Friday, November 27, 2009

Intro and Big Idea

Introduction:

In heaven one will find those who died proudly and those who died in hatred. The poem by Rupert Brooke The Soldier and the poem Reconciliation by Siegfried Sassoon both cope with the situation of dying for one’s own country and the nationalistic feeling towards war. While both poems speak of war in different ways and through the use of different devices, the two lyric poems have some similarities. The biggest difference is the fact that The Soldier was written before the war and is an Italian sonnet and Reconciliation was written after the war and is an epigram. The main idea portrayed in The Soldier speaks of the love towards own country and that it is a positive thing if one dies for their own country.
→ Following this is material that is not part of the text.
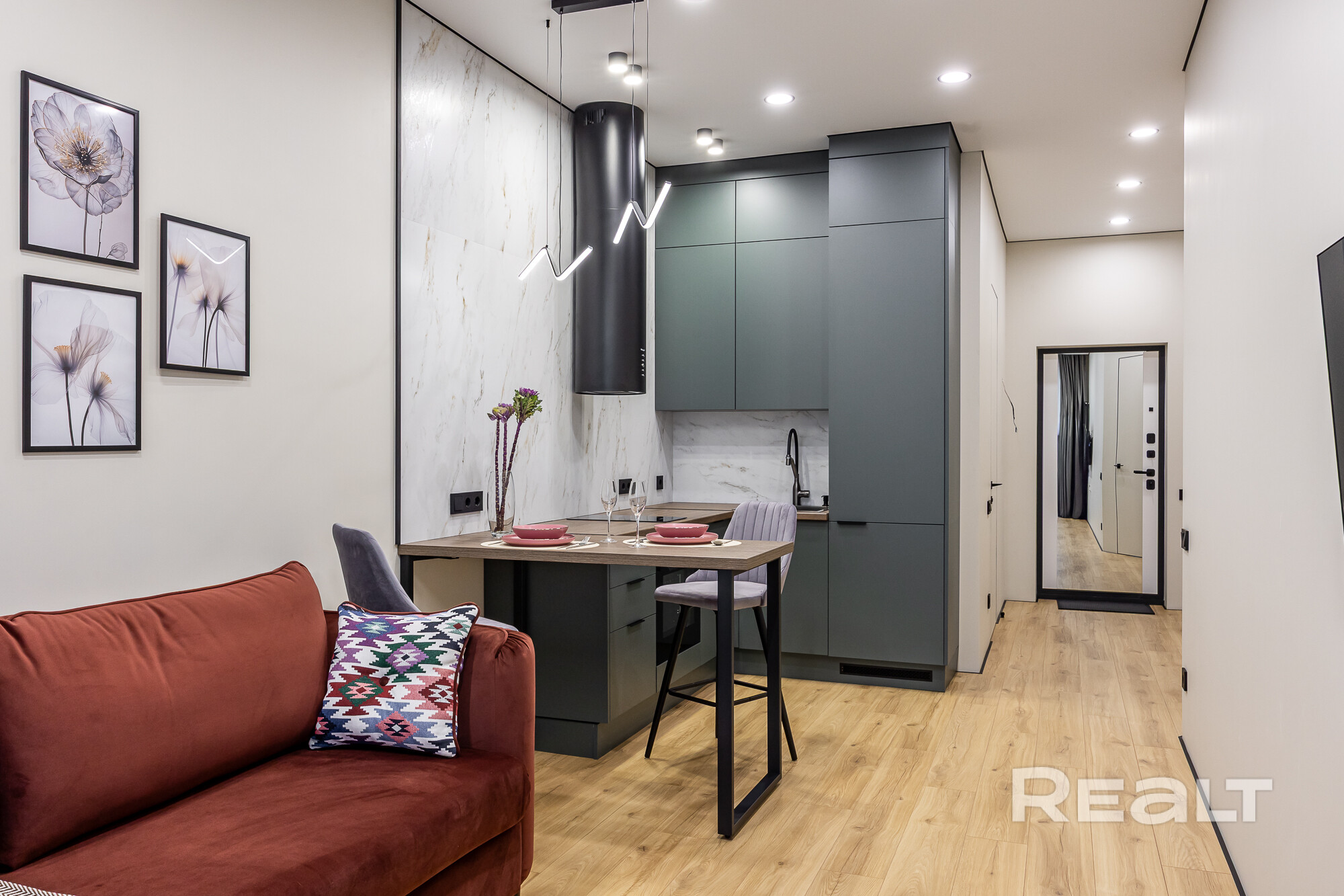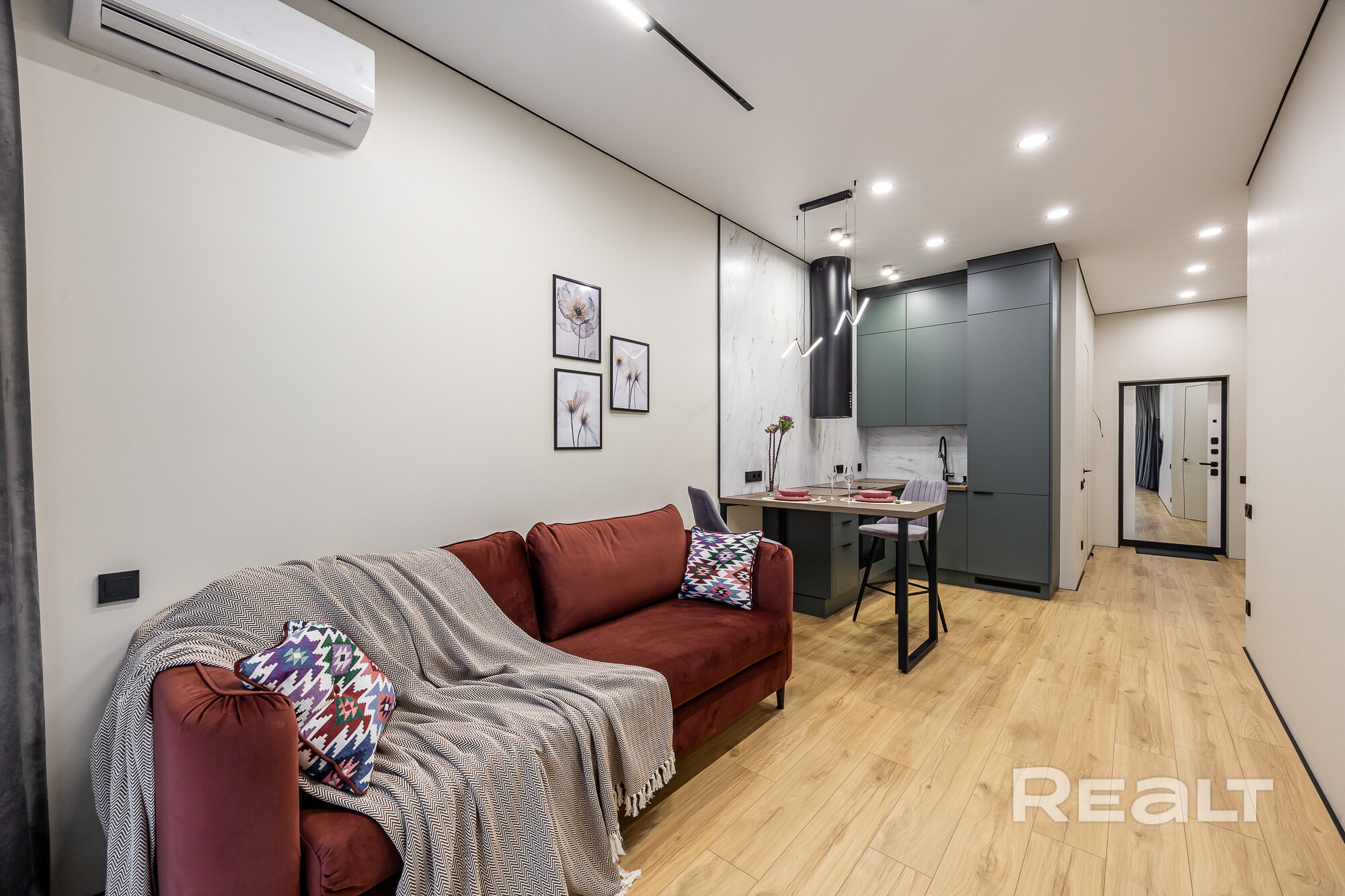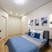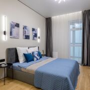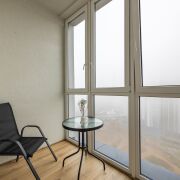 Просторная видовая евродвушка с потолками 3 метра и качественным ремонтом для себя, никто не жил. Панорамный вид на город и зелёный массив создаёт ощущение пространства и уюта. Скрытые двери высотой 2.30, покраска стен, керамогранит и премиальный ламинат Egger Eversense 34 класс 72 часа аква, формируют современную эстетику. Большая гардеробная, полноценное рабочее место на лоджии и кровать 180×200, диван 160×200 — удобство без компромиссов. Техника Electrolux/Exiteq новая и на гарантии.
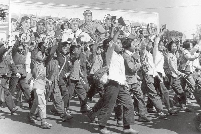 文革時,中共鼓動學生去鬥老師,紅衛兵把老師以所謂的階級敵人作為鬥爭對象。圖為拿著小紅書的紅衛兵。(Jean Vincent / AFP)

Reconciliation speaks of the horrors of the war, and that it is foolish to think that war is something positive and that fighting is doing a good deed. Therefore, the two poems differ in their perspective but have the same content, since both talk about nationalism and the love or hate to fight for ones country. These main ideas are portrayed and displayed in the pieces through mainly imagery, both sensory and figurative, as well as tone, rhetoric, persona, structure and language. Although one may be more present in one of the poems than in the other, both use imagery as their main device to emphasize their view on going to war and the good and bad things about what happened or what is going to happen.


General Big Idea: The big idea that these two poems both share in common is the juxtaposition about being proud to fight for ones country and the loss that happens during a war.